Output, exactly as written, the lines below from the one that has "- Closing : Belt" through the one that has "Набор инструментов DEKO"; nothing else, and no pictures.

The records —
────────

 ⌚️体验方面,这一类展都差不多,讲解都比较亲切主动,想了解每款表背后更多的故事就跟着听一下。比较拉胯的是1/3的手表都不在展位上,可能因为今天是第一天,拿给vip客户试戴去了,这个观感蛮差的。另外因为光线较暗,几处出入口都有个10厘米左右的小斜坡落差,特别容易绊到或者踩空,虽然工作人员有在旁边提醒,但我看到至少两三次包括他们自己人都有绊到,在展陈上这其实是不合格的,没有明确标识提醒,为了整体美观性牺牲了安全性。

────────

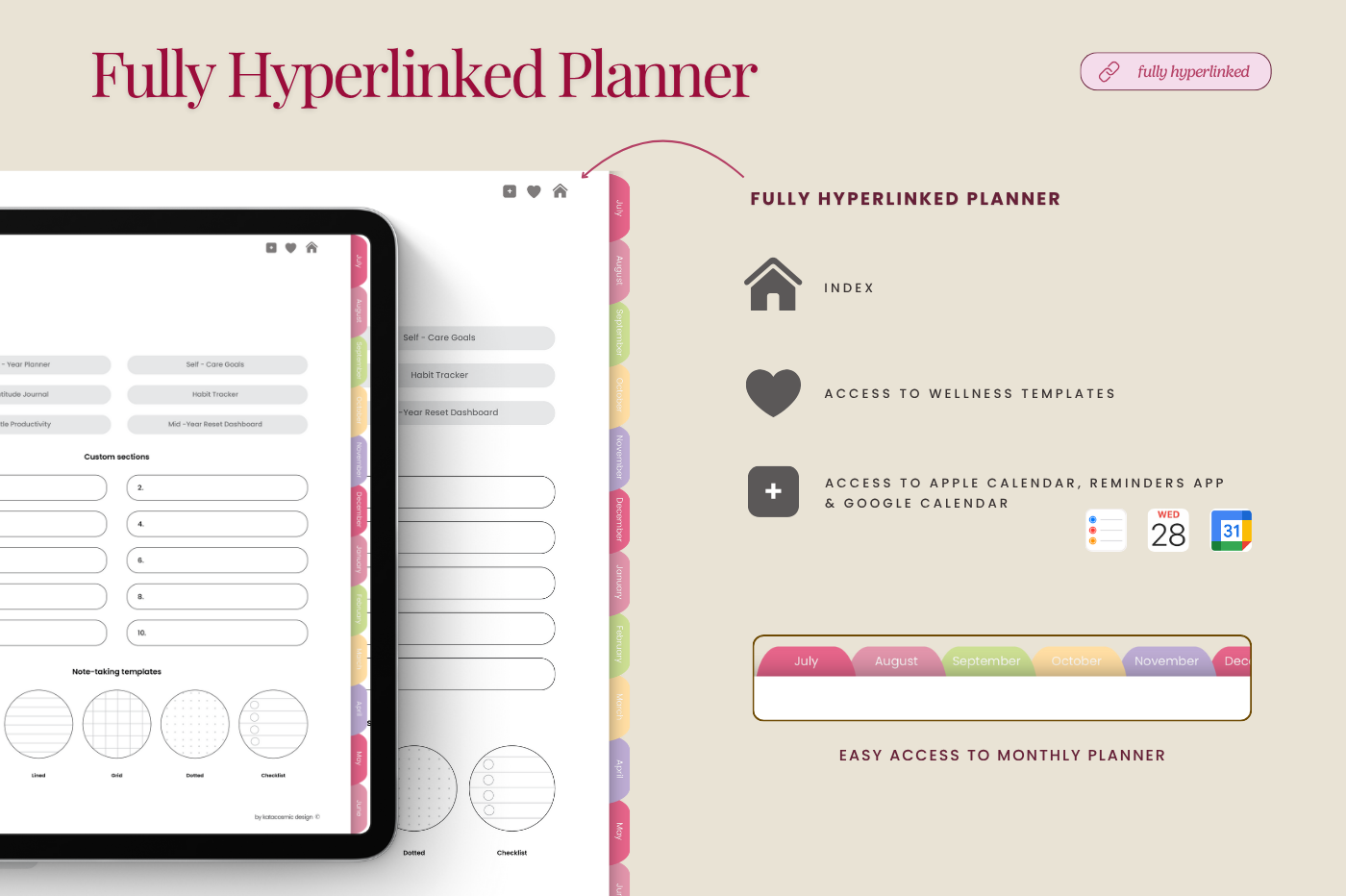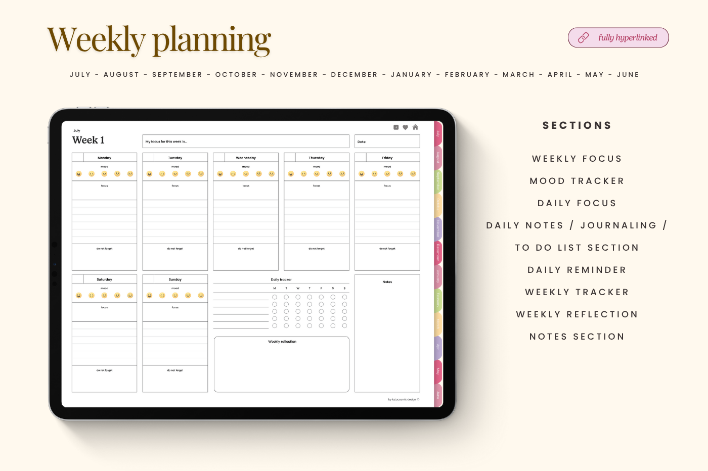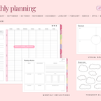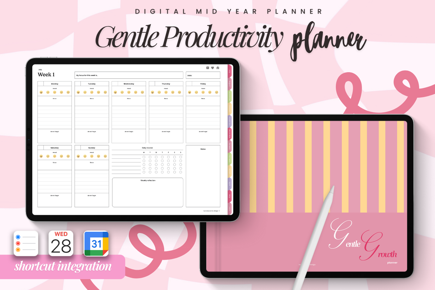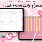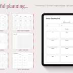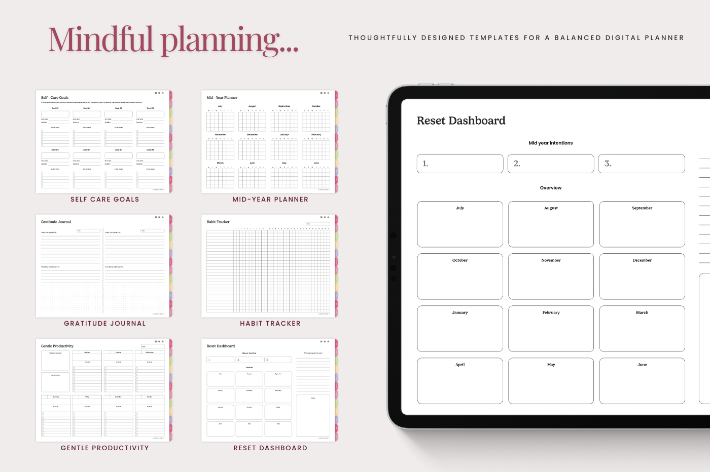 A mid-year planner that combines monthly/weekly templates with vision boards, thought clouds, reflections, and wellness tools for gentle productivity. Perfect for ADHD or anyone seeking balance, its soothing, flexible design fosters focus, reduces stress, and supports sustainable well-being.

────────

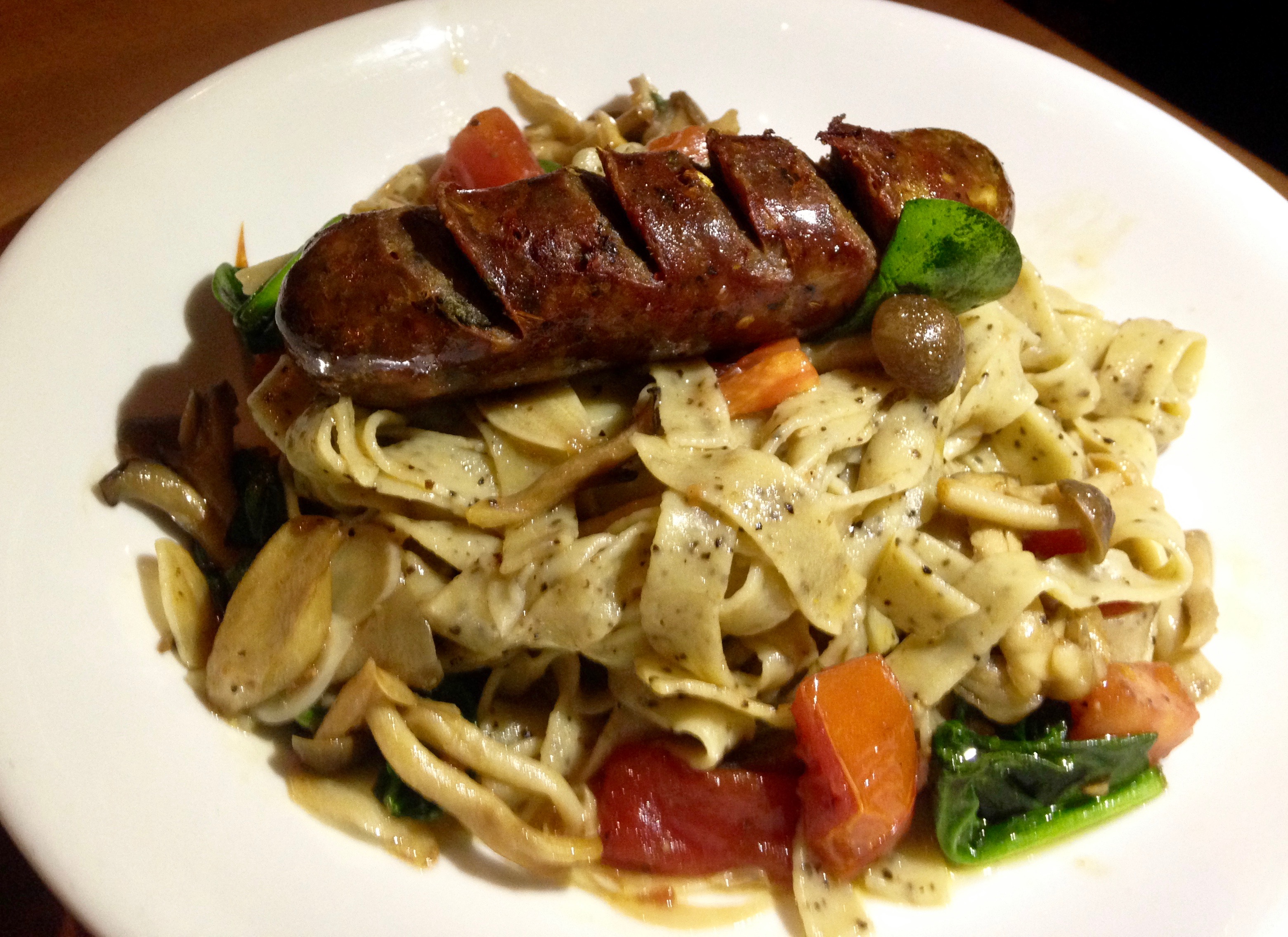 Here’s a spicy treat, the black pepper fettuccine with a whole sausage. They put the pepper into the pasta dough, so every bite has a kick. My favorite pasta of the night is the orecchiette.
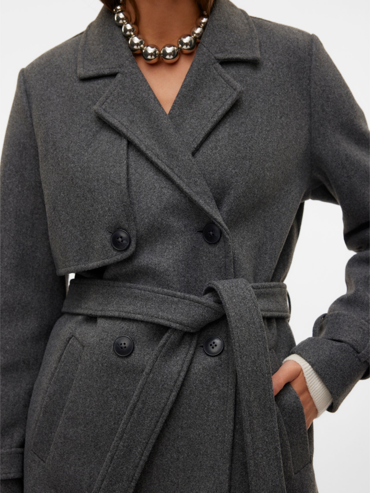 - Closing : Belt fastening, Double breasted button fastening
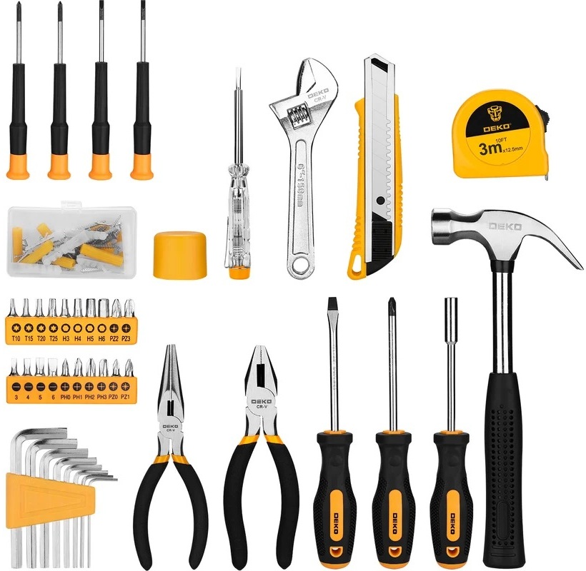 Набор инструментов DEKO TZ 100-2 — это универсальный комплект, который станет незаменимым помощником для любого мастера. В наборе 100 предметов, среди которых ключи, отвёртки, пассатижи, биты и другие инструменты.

────────

Solution for this task —
 - Closing : Belt fastening, Double breasted button fastening
 Набор инструментов DEKO TZ 100-2 — это универсальный комплект, который станет незаменимым помощником для любого мастера. В наборе 100 предметов, среди которых ключи, отвёртки, пассатижи, биты и другие инструменты.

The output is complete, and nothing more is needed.